- [Directions]: In the material below, find the span from the line with "Chomilla statue in Pyongyang" to the line with "Qatar Airways Boeing" and transcribe only those lines, exactly, ends included, without the pictures.

- [Supplied data]:
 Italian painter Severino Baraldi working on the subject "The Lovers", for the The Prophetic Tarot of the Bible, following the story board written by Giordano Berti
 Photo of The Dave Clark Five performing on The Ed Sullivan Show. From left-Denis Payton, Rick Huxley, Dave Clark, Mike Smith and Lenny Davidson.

--

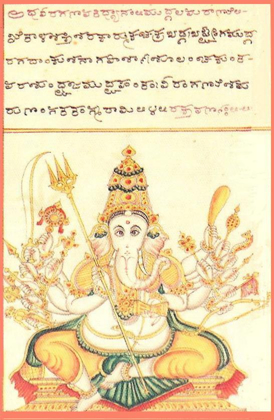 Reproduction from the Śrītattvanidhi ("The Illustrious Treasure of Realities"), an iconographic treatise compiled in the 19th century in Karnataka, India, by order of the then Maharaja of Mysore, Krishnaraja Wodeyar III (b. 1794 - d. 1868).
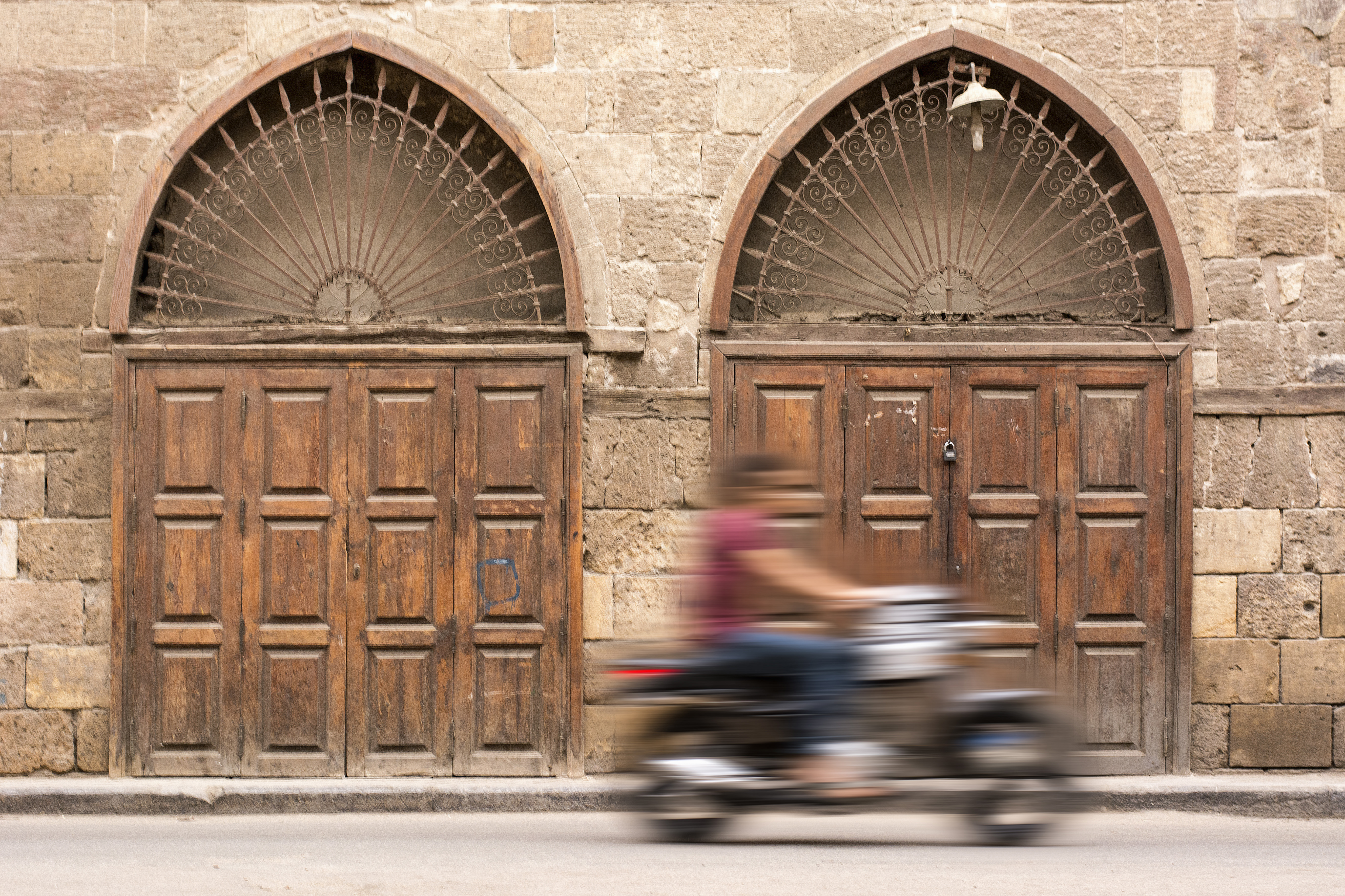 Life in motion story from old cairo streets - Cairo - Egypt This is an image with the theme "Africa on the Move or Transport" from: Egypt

---

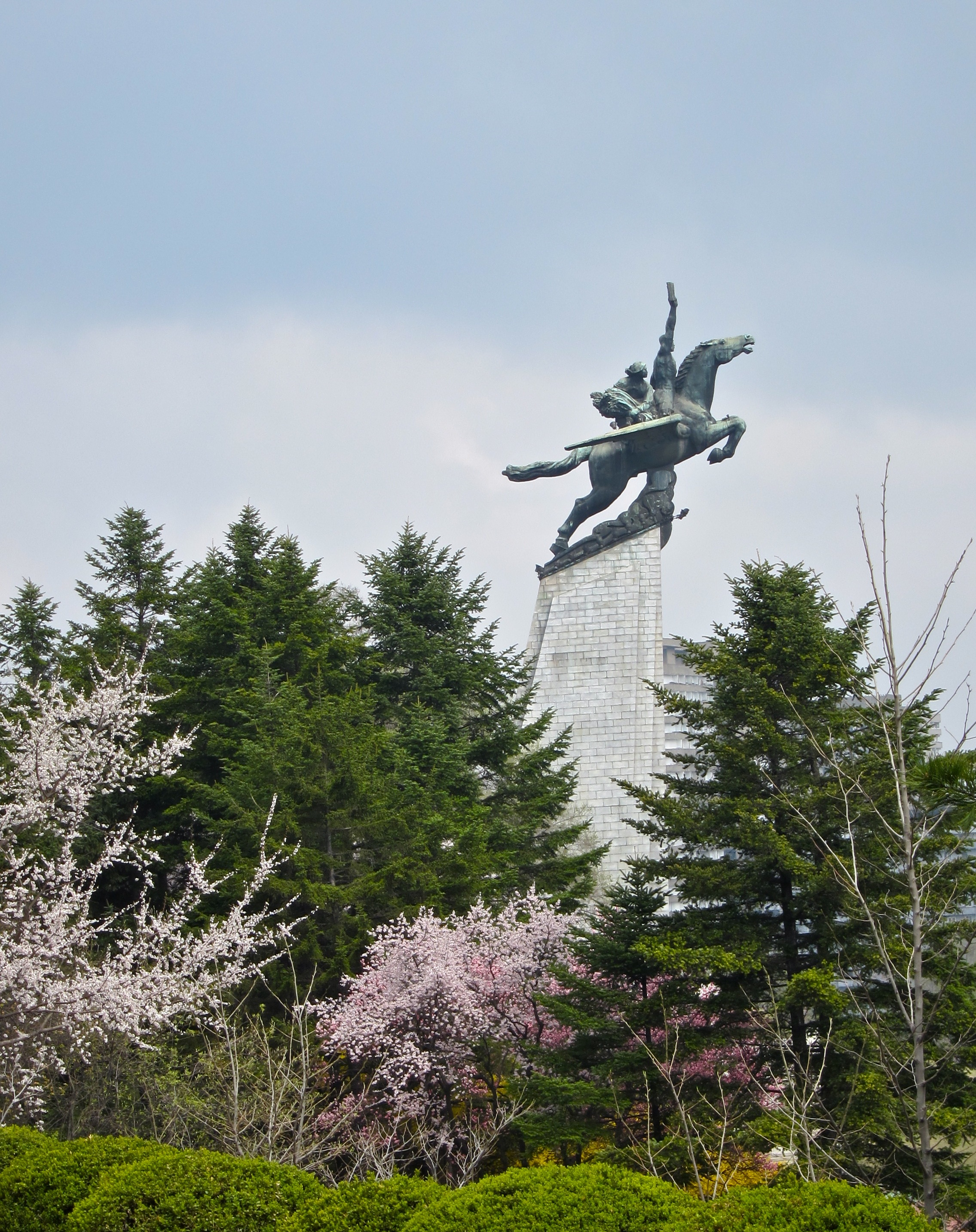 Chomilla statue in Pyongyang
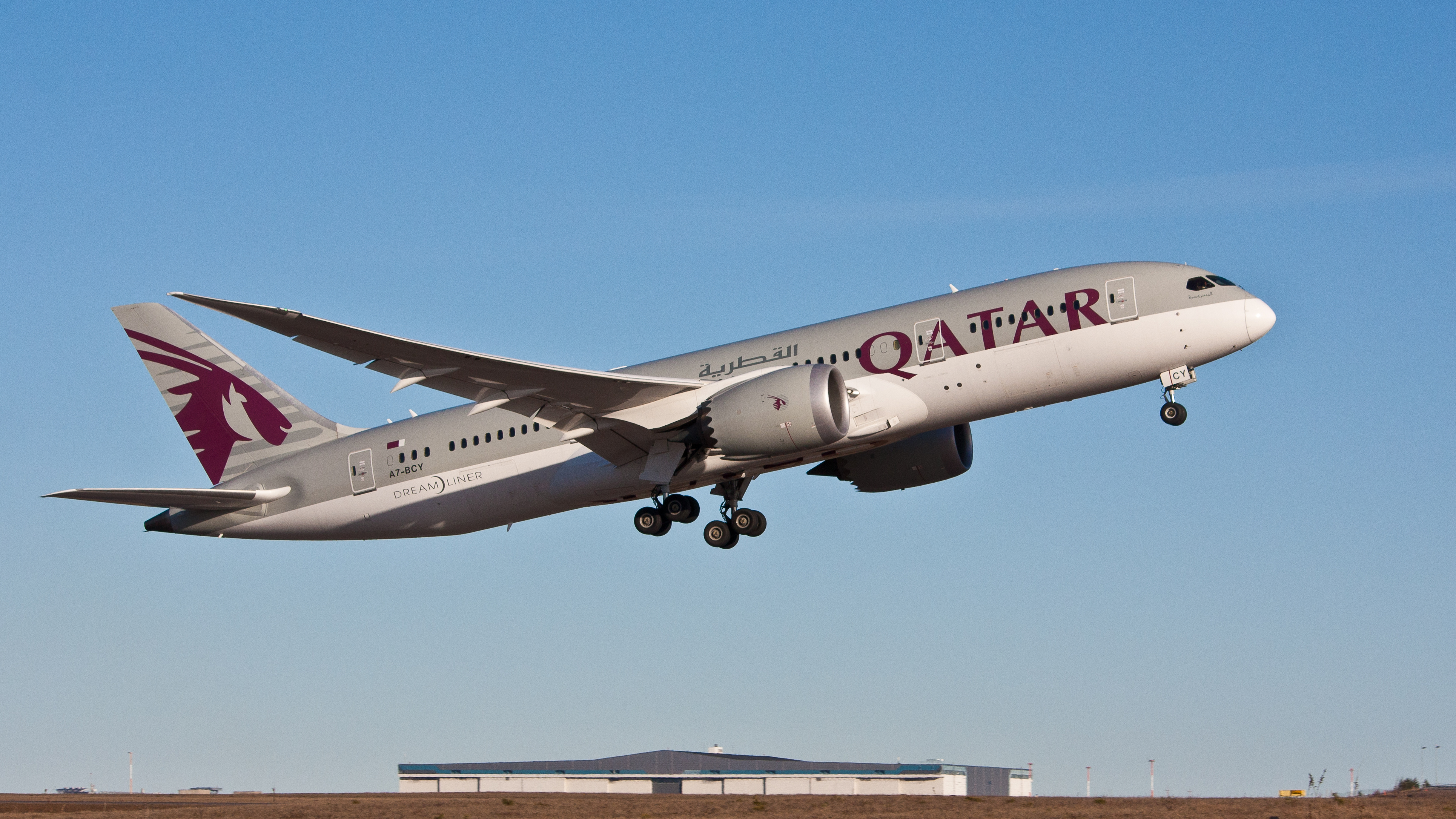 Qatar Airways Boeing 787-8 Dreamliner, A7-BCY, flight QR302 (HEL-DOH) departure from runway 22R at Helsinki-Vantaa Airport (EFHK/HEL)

- [Solution]:
 Chomilla statue in Pyongyang
 Qatar Airways Boeing 787-8 Dreamliner, A7-BCY, flight QR302 (HEL-DOH) departure from runway 22R at Helsinki-Vantaa Airport (EFHK/HEL)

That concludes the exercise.